• YOUR GOAL
Report every line in the listing below where the string "with" shows up.

• RECORD EXTRACTS

== == ==

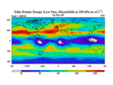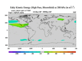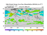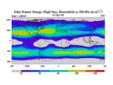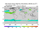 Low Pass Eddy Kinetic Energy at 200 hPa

== == ==

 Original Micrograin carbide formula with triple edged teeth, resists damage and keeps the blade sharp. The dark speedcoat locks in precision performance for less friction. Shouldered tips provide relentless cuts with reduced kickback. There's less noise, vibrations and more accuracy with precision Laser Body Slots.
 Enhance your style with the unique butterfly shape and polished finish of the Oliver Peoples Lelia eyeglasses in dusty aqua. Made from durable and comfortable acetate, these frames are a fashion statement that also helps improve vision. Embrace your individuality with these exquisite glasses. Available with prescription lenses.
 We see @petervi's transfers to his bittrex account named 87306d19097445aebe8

== == ==

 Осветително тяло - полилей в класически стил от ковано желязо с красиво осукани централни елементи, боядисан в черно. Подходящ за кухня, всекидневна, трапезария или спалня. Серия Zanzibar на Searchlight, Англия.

== == ==

• SOLUTION BELOW
 Original Micrograin carbide formula with triple edged teeth, resists damage and keeps the blade sharp. The dark speedcoat locks in precision performance for less friction. Shouldered tips provide relentless cuts with reduced kickback. There's less noise, vibrations and more accuracy with precision Laser Body Slots.
 Enhance your style with the unique butterfly shape and polished finish of the Oliver Peoples Lelia eyeglasses in dusty aqua. Made from durable and comfortable acetate, these frames are a fashion statement that also helps improve vision. Embrace your individuality with these exquisite glasses. Available with prescription lenses.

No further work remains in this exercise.